**ASSIGNMENT**
Would you return the lines between the one holding "三入原木環保鉛筆組-圓形黑色塗頭筆桿" and the one holding "الإدريسي، وهذا التفصيل", inclusive, and only those, exactly as they stand in the listing below?

**SUPPLIED ENTRIES**
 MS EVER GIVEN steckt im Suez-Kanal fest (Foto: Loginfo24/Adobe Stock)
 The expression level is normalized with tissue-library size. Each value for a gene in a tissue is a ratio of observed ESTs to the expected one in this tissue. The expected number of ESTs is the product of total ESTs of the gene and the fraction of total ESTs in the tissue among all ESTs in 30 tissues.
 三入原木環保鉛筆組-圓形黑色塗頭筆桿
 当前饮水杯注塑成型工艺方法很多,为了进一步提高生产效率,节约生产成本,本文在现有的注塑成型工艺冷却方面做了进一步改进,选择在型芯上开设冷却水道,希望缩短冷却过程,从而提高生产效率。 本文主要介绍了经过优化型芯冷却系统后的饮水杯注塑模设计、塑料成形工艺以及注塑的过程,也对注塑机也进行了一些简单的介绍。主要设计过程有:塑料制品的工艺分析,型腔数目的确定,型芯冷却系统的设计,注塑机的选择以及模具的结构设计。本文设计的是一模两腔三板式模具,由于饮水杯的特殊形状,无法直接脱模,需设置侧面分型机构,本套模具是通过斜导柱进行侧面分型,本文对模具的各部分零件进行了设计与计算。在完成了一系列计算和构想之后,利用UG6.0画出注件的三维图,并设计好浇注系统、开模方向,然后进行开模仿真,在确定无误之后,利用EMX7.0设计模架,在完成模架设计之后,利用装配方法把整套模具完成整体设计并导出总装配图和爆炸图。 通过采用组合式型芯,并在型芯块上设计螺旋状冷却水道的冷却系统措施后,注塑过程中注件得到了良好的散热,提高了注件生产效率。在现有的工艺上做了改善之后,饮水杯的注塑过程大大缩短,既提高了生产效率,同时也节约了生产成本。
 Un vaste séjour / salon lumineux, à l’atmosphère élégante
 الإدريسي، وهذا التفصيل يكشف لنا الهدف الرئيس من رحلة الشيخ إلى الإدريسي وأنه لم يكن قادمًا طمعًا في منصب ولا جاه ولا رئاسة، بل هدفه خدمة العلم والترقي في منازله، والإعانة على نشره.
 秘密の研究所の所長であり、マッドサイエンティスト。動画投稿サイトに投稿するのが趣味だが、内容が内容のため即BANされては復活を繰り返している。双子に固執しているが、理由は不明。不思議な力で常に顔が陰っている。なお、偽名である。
--
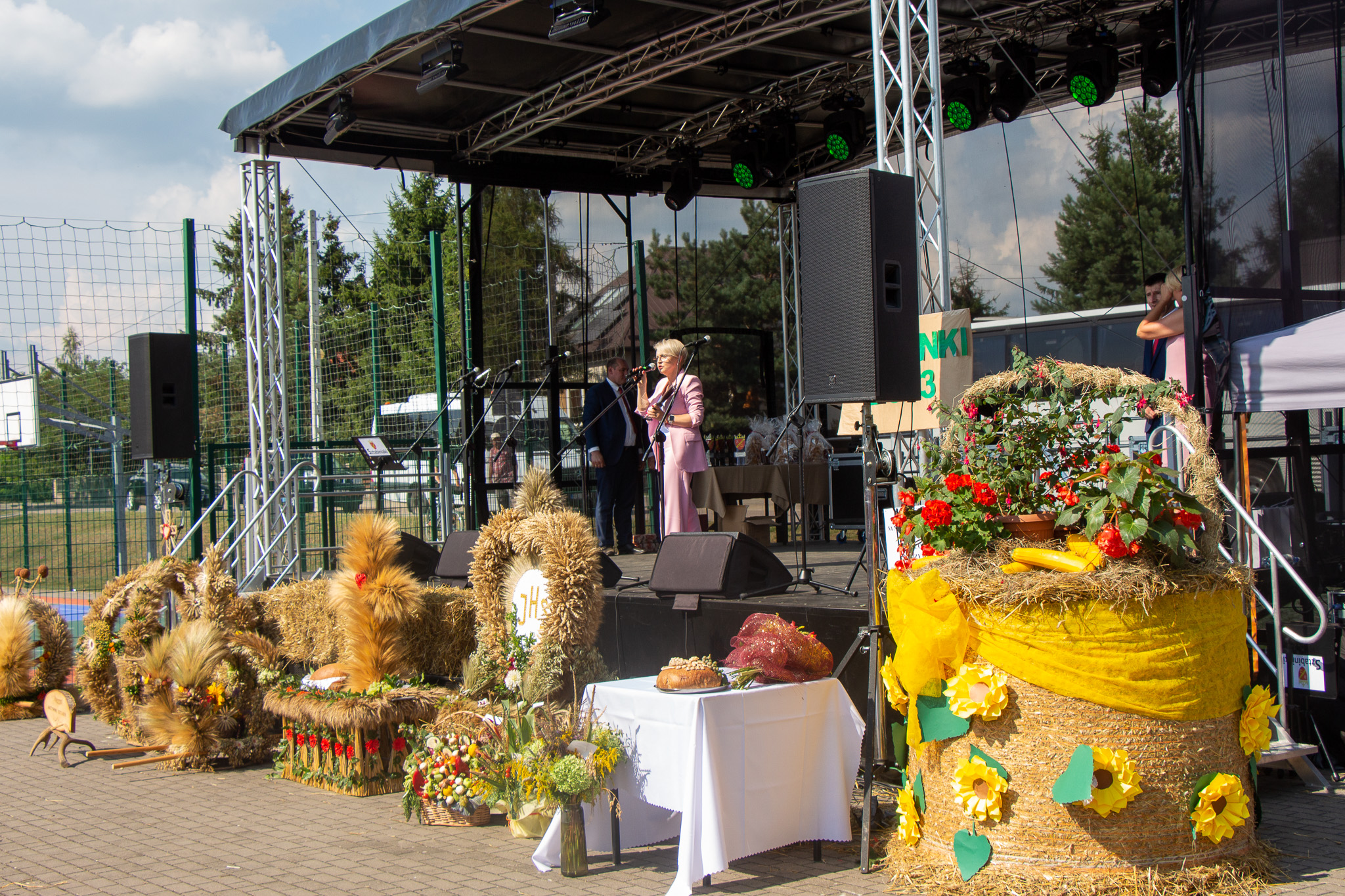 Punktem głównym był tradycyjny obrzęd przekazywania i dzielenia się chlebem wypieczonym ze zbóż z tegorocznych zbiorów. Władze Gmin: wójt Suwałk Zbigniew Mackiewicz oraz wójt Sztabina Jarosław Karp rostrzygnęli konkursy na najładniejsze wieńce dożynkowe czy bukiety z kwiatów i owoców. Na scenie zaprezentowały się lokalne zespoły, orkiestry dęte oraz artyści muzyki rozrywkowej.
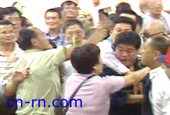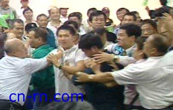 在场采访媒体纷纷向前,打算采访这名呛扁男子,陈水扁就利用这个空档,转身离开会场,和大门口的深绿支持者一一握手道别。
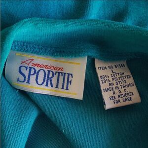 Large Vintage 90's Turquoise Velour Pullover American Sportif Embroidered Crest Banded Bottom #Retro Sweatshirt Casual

**RESULT**
 三入原木環保鉛筆組-圓形黑色塗頭筆桿
 当前饮水杯注塑成型工艺方法很多,为了进一步提高生产效率,节约生产成本,本文在现有的注塑成型工艺冷却方面做了进一步改进,选择在型芯上开设冷却水道,希望缩短冷却过程,从而提高生产效率。 本文主要介绍了经过优化型芯冷却系统后的饮水杯注塑模设计、塑料成形工艺以及注塑的过程,也对注塑机也进行了一些简单的介绍。主要设计过程有:塑料制品的工艺分析,型腔数目的确定,型芯冷却系统的设计,注塑机的选择以及模具的结构设计。本文设计的是一模两腔三板式模具,由于饮水杯的特殊形状,无法直接脱模,需设置侧面分型机构,本套模具是通过斜导柱进行侧面分型,本文对模具的各部分零件进行了设计与计算。在完成了一系列计算和构想之后,利用UG6.0画出注件的三维图,并设计好浇注系统、开模方向,然后进行开模仿真,在确定无误之后,利用EMX7.0设计模架,在完成模架设计之后,利用装配方法把整套模具完成整体设计并导出总装配图和爆炸图。 通过采用组合式型芯,并在型芯块上设计螺旋状冷却水道的冷却系统措施后,注塑过程中注件得到了良好的散热,提高了注件生产效率。在现有的工艺上做了改善之后,饮水杯的注塑过程大大缩短,既提高了生产效率,同时也节约了生产成本。
 Un vaste séjour / salon lumineux, à l’atmosphère élégante
 الإدريسي، وهذا التفصيل يكشف لنا الهدف الرئيس من رحلة الشيخ إلى الإدريسي وأنه لم يكن قادمًا طمعًا في منصب ولا جاه ولا رئاسة، بل هدفه خدمة العلم والترقي في منازله، والإعانة على نشره.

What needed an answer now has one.